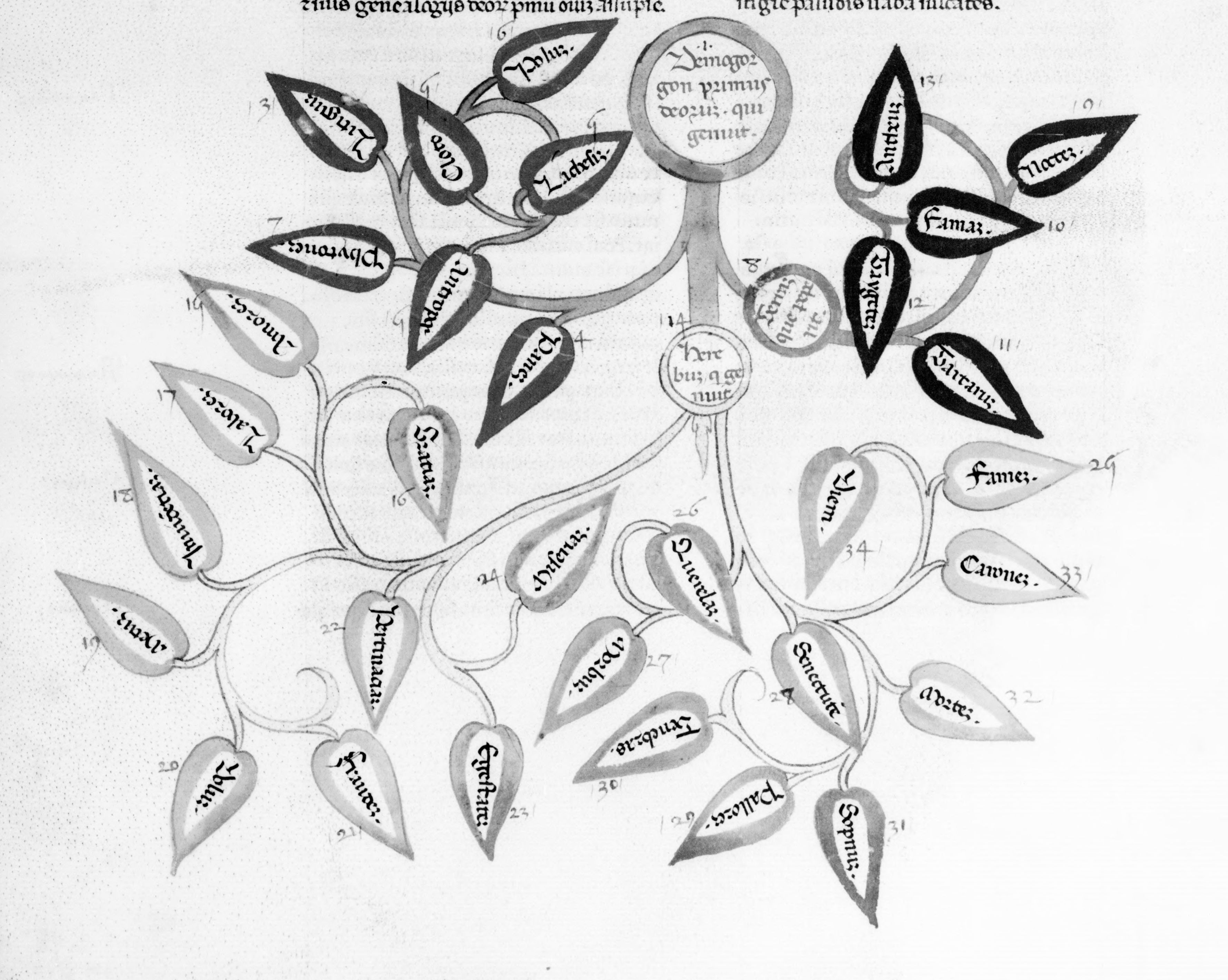 Parigi, Bibliothèque Nationale de France, Lat. 7877, f. 17v. Albero genealogico di Demogorgone.
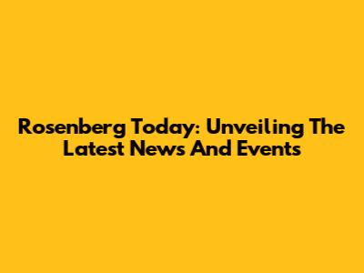Rosenberg Today: Unveiling The Latest News And Events
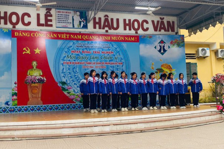 Vâng! Những ca từ ngân vang làm cho không khí sân trường THCS Lê Quý Đôn thêm tưng bừng, rộn rã...Thực hiện kế hoạch các hoạt động Chào mừng 80 năm Ngày thành lập Quân đội Nhân dân Việt Nam, Ngày hội Quốc phòng toàn dân (22/12/1994- 22/12/2024), nhằm giúp các em học sinh hiểu hơn về truyền thống lịch sử vẻ vang của quân đội nhân dân Việt Nam, tự giác thực hiện nghiêm túc nội quy của nhà trường, có ý thức rèn luyện thân thể và biết vận dụng kiến thức, kĩ năng học được vào đời sống hàng ngày, chiều ngày 21/12/2024 trường THCS Lê Quý Đôn đã tổ chức một hoạt động đặc biệt mang tên " Một ngày làm chiến sĩ" dành cho các em học sinh.
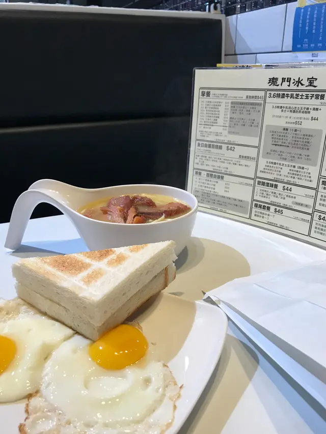 講開尖沙咀食常餐既地方,一定會數到瓏門冰室。位置於金馬倫道,位置幾方便。其實以前各區都曾經開過好多分店,但而家淨返呢間,希望佢仲捱到下。由早上七點到十一點半都有早餐供應,主要分為雙餸麵餐、芝士玉子餐、歐陸滋味(姐係扒餐)同常餐。今次去到叉燒賣曬,最後揀左雪菜肉絲湯米線 配 炒蛋白、芝士腸、奶醬厚多士($39)。炒蛋白仍然係咁大份,有時食下淨蛋白感覺好似健康啲。奶醬多今次烘得燶啲超香口,不過就唔算太多花生醬同煉奶餡。主菜黎講我最鐘意瘦叉,其次係雪菜肉絲,以前既雪菜係好青綠既新鮮菜整既,今次既雪菜就變左普通,好想食返之前嗰種。麵底可以免費轉通粉/意粉/米粉/公仔麵/米線,無論邊種都係偏淋,如果想食硬身啲記得揚聲!瓏門既早餐選擇係好多選擇同好大自由度,主菜、配菜鐘意點轉都得,間中都好enjoy呢種自由!…查看更多
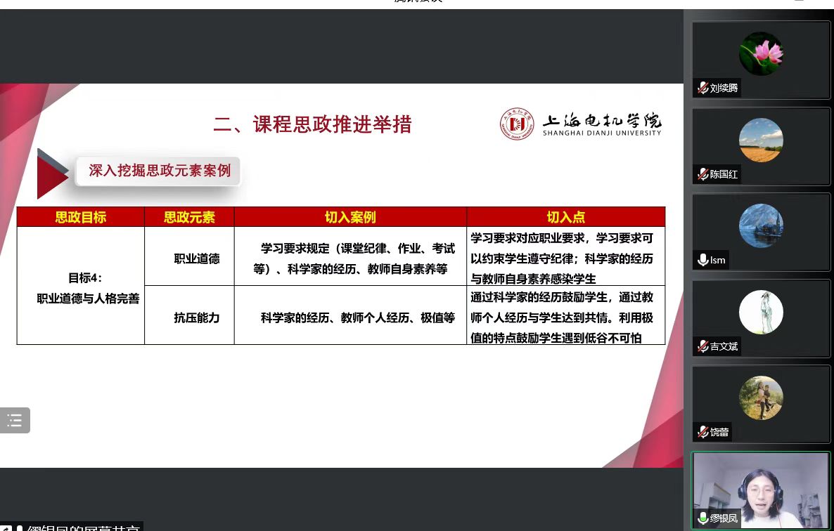 参加此次展示活动的是由各教研室推选的6位教师,她们分别通过说课的形式展示了各自课程思政改革的设计思路,阐释了课堂教学中将课程思政内容与专业知识有机融合的教学模式和教学方法,各有侧重,各具特色。

┄┄┄┄┄┄

_PROBLEM_
Could you restate the entries word for word, skipping any pictures?

_ANSWER_
 Parigi, Bibliothèque Nationale de France, Lat. 7877, f. 17v. Albero genealogico di Demogorgone.
Rosenberg Today: Unveiling The Latest News And Events
 Vâng! Những ca từ ngân vang làm cho không khí sân trường THCS Lê Quý Đôn thêm tưng bừng, rộn rã...Thực hiện kế hoạch các hoạt động Chào mừng 80 năm Ngày thành lập Quân đội Nhân dân Việt Nam, Ngày hội Quốc phòng toàn dân (22/12/1994- 22/12/2024), nhằm giúp các em học sinh hiểu hơn về truyền thống lịch sử vẻ vang của quân đội nhân dân Việt Nam, tự giác thực hiện nghiêm túc nội quy của nhà trường, có ý thức rèn luyện thân thể và biết vận dụng kiến thức, kĩ năng học được vào đời sống hàng ngày, chiều ngày 21/12/2024 trường THCS Lê Quý Đôn đã tổ chức một hoạt động đặc biệt mang tên " Một ngày làm chiến sĩ" dành cho các em học sinh.
 講開尖沙咀食常餐既地方,一定會數到瓏門冰室。位置於金馬倫道,位置幾方便。其實以前各區都曾經開過好多分店,但而家淨返呢間,希望佢仲捱到下。由早上七點到十一點半都有早餐供應,主要分為雙餸麵餐、芝士玉子餐、歐陸滋味(姐係扒餐)同常餐。今次去到叉燒賣曬,最後揀左雪菜肉絲湯米線 配 炒蛋白、芝士腸、奶醬厚多士($39)。炒蛋白仍然係咁大份,有時食下淨蛋白感覺好似健康啲。奶醬多今次烘得燶啲超香口,不過就唔算太多花生醬同煉奶餡。主菜黎講我最鐘意瘦叉,其次係雪菜肉絲,以前既雪菜係好青綠既新鮮菜整既,今次既雪菜就變左普通,好想食返之前嗰種。麵底可以免費轉通粉/意粉/米粉/公仔麵/米線,無論邊種都係偏淋,如果想食硬身啲記得揚聲!瓏門既早餐選擇係好多選擇同好大自由度,主菜、配菜鐘意點轉都得,間中都好enjoy呢種自由!…查看更多
 参加此次展示活动的是由各教研室推选的6位教师,她们分别通过说课的形式展示了各自课程思政改革的设计思路,阐释了课堂教学中将课程思政内容与专业知识有机融合的教学模式和教学方法,各有侧重,各具特色。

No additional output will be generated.